Renophaston’s live report from SDCC 2011

Oh shit, I forgot I was at San Diego Comic Con this year again! This time I took a boat.

AAARRRGGGG BOATS!!!

First I hotel, then my tickets, all the while I was lost… but the food! OMG TMI! Buses, taxi, TRAM? jk! No time for a drink–had to get going. Found the thing, I did it, but barely. Phew! Long story short.

Here’s everything that happened all weekend:

  • Star Trek and Legion of Superheroes are crossing over! This seemed like a obvious match, until I realized that the two series take place 750 years apart. I can’t imagine them adding time travel to these properties, so I don’t know what they’re going to do.
  • Mega Man Legends 3 is canceled! Poot! Since this was the one reason I chose this era for my current incarnation, I might as well head back to the Eternal Spirit Pool and try sometime else.
  • Marvel asks people to tear up DC comics for variants again, this time without the Deadpool excuse. It’s like seeing somebody try to re-tell a joke they don’t understand, except they were the ones who originally told the joke.
  • There’s a Wolverine in the back of Hall H giving out free donuts if you can pick them up with your penis!
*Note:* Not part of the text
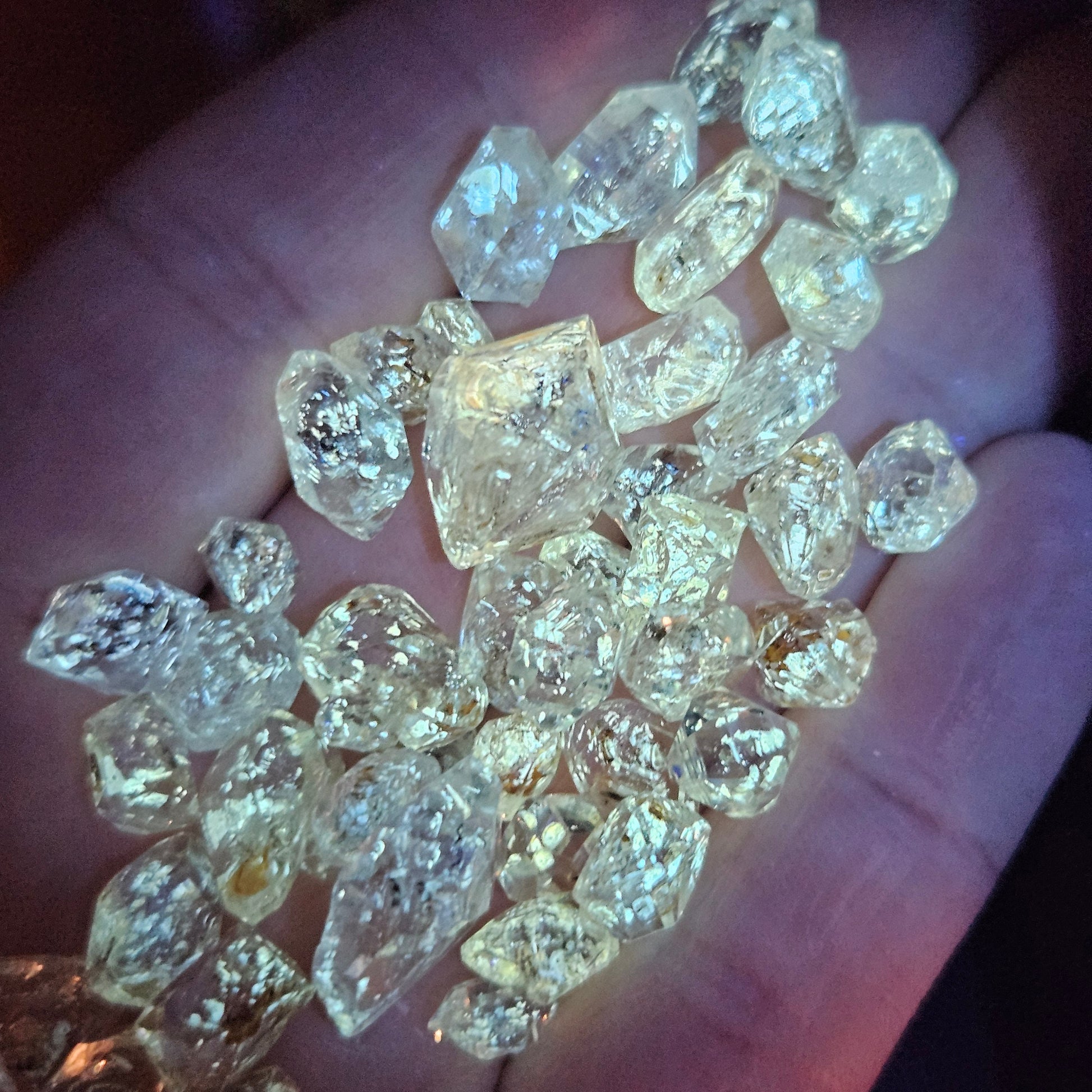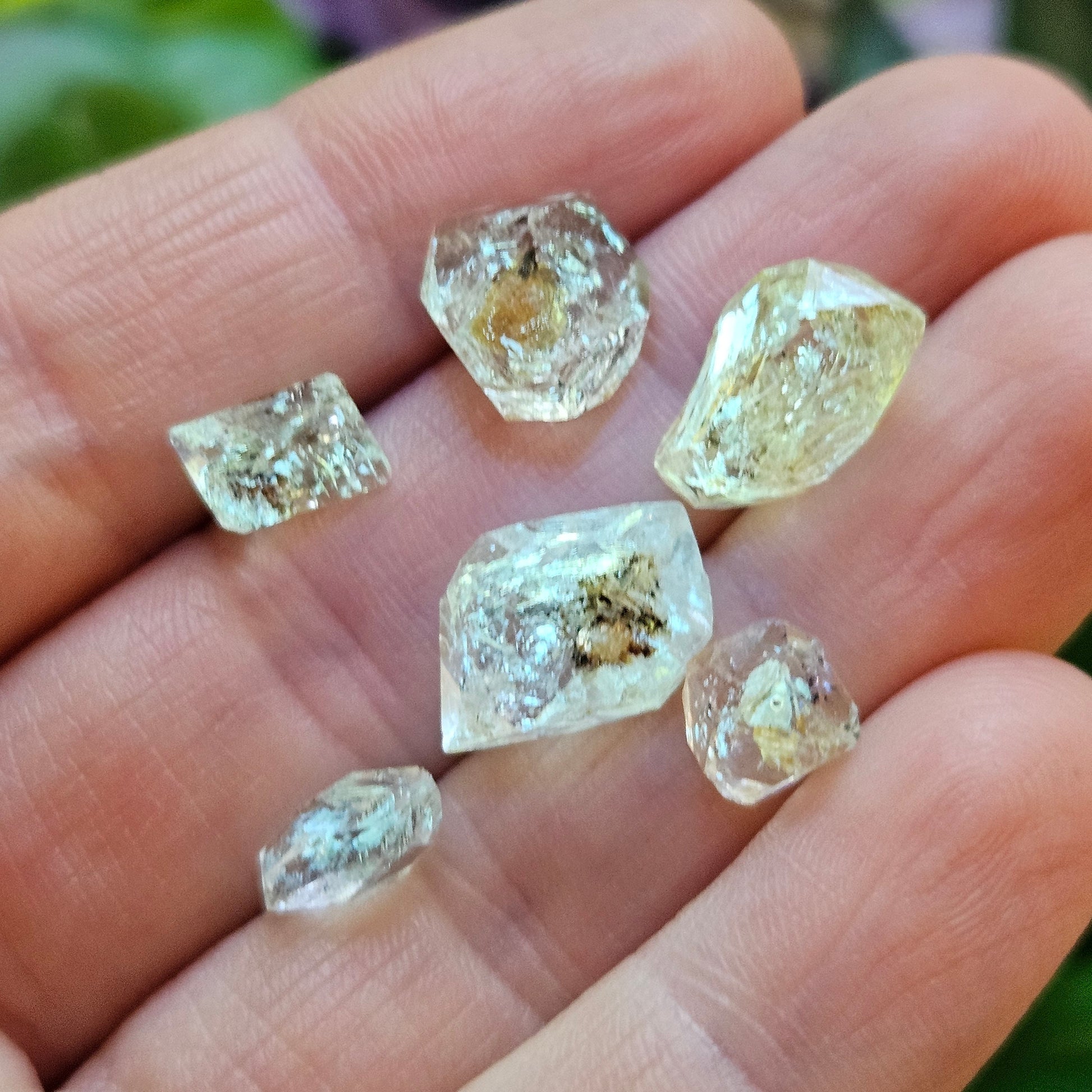 These UV Reactive Enhydro Petroleum specimens are absolutely MAGICAL! They have a translucence, and sometimes smoky glow, with inner Enhydro liquid pockets that flash bright green in an ultraviolet light. Most of the Petroleum within these crystals are static but every once in a while there are movers too! These Petroleum Enhydro crystals have crisp faceted terminations and include possible light abrasions from the mining process.

Move fast, he’s almost out! (It’s easier than it looks.)
  • Cable is dead-ish, but he’s coming back. Anybody who thinks Cable should come back already, this one’s for you. Unless you care about quality or whatever.
  • DC Comics continues with year 7 of their Tough Sell! initiative, removing iconic characters from their books or altering them so that they are unrecognizable to old fans and new readers alike! The first few years everybody kept reading, expecting their favorite characters to return to greatness, but lately readers have started to catch on, and DC’s sales have shown a steady drop–so they’re going line-wide with the initiative! With any luck, by this time next year DC’s sales numbers will be so low they will finally have an excuse to stop publishing these damned comic books!
  • Beavis & Butt-Head are back, and they’re exactly the same, and I don’t know whether I think anything about that at all. After the panel, though, I went to shake hands with Johnny Knoxville and I accidentally grabbed his penis and he knocked me out. Later people told me it was actually a door that opened towards me, and that I seemed “totally out of it”. Star-struck, more likely!
  • There’s a Dwayne McDuffie panel even though I don’t think he’s done anything new in like five months.
  • Tin Tin looks weird.
  • I think Dan DiDio is making fun of me for liking comics, and I’m not even really in San Diego.
  • DC has fixed the long-standing problem of Barry Allen being the worst Flash by making him the only Flash. Now he’s the best Flash!
  • If you Google Translate from Latin to English, “Quid Pro Quo” becomes “What Happens In Vegas”. Which is not accurate.
  • Oh I almost forgot! Here’s a photo of me and The Cheat from the show floor that I made with crayons:
The Cheat and I

Friends at first bite!

I went as Sporty Spice this year, because she’s pregnant and so am I!